An example of bee packages from the last time I tried (and failed)
beekeeping. The wooden boxes all have screened sides, which allows the
bee to more easily respire and scare people. Each box contains three
pounds of female worker bees, one queen, and a leaking metal can filled
with sugar syrup to feed the bees during transportation. Also inside
the package is a tiny cage designed to contain the queen and protect her
from being killed by the worker bees. Eventually the workers will come
to accept her as their new queen, but until that time she will need to
stay in the queen cage.
It was these same features (i.e. twisty and bumpy) that made driving back to the ranch with four buzzing bee packages even less boring. Every time the car hit a bump or turned sharply each group of roughly 10,000 bees in each bee package would buzz more intensely for a few seconds. When we finally began to leave the mountains behind us the roads improved, the buzzing became less intense, and I began to relax more. It was then that I noticed through my rear-view mirror that there were a handful of bees flying around inside the car. Initially I was concerned that one of the packages may have had a leak, but, when no additional bees appeared in the vehicle it appears that my packages had a brought along a few external stowaways (not an uncommon thing at bee package pickup locations).

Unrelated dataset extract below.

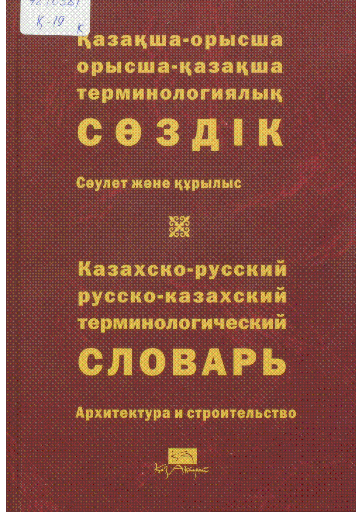 Қазақша-орысша, орысша-қазақша терминологиялық сөздік [Мәтін] – Педагогикалық Ғылымдар Академиясы ; А. Байтұрсынов атын. Тіл білімі ин-ты ; жалпы ред. М.Б. Қасымбеков ; жоба жет. А.Қ. Құсайынов ; авт. ұжым: Ә.Ш. Тәттіғұлов т.б. ,- Астана : ҚАЗақпарат , 2014.– 4000 дана . – 978-601-03-0310-2 - Қаз., орыс тіл. . 9-том . Сәулет және құрылыс : 10000-нан астам термин– 448 бет
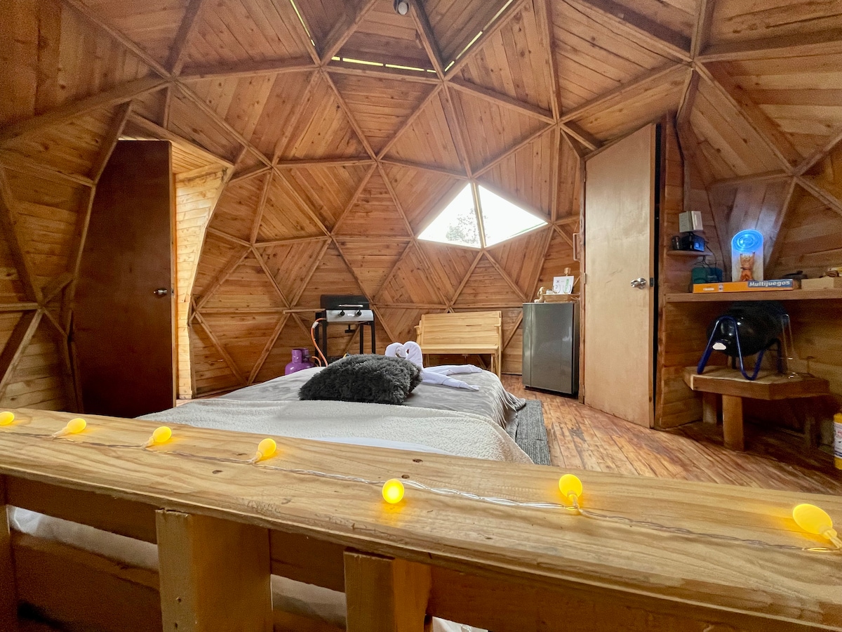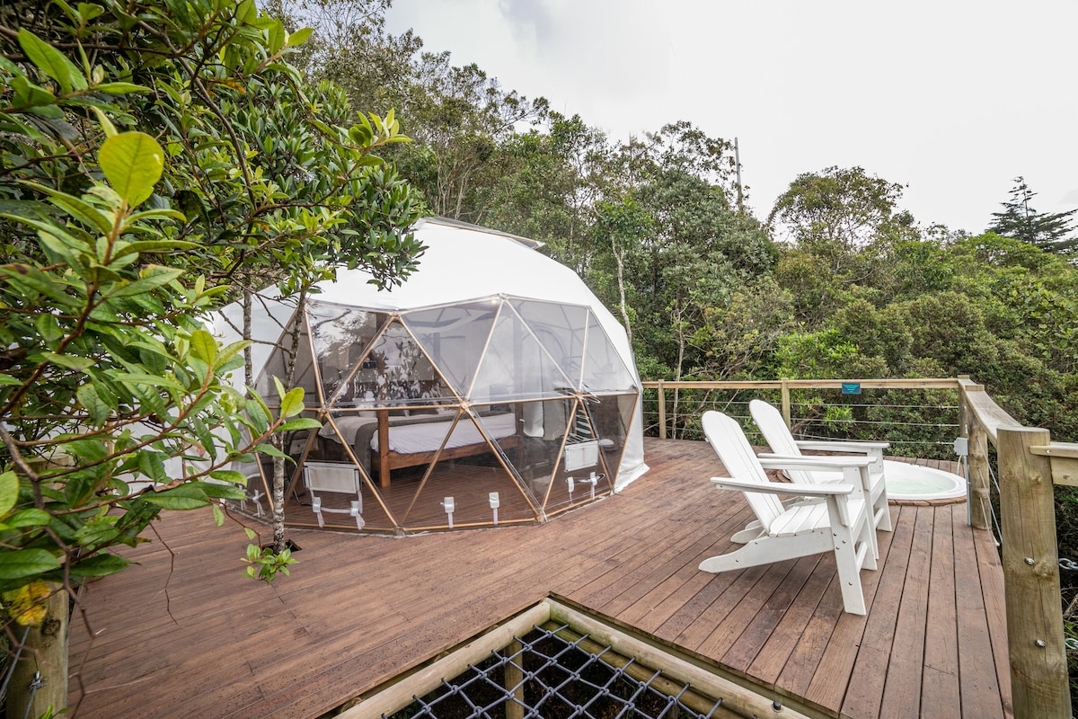 Hermoso Domo - Glamping ubicado junto a reserva natural. INCLUYE: Cama King• Cocina equipada• Baño privado• Agua Caliente• Jacuzzi privado• Sofá y escritorio• Deck con mobiliario• Televisión• WiFi 300 MBP• Fogata autoservicio• Asador-BBQ a gas• Parqueadero gratis. COMIDA PARA PREPARAR O DE RESTAURANTE, LICOR, MEDICINA Y CASI CUALUQIER COSA SE PUEDE PEDIR A DOMICILIO Y LO LLEVAN HASTA LA PUERTA DEL GLAMPING. RNT: 162437

For the remainder of the trip back to the ranch these stowaways remained in the back of the vehicle and eventually joined the rest of the bees during installation.
A few of the bees from a recently installed honeybee package conducting "orientation flights" to memorize the location of their specific hive.
Package installation in each of the top-bar hives went very smoothly and now I have to just leave them alone for the next three days. That is always the hardest part.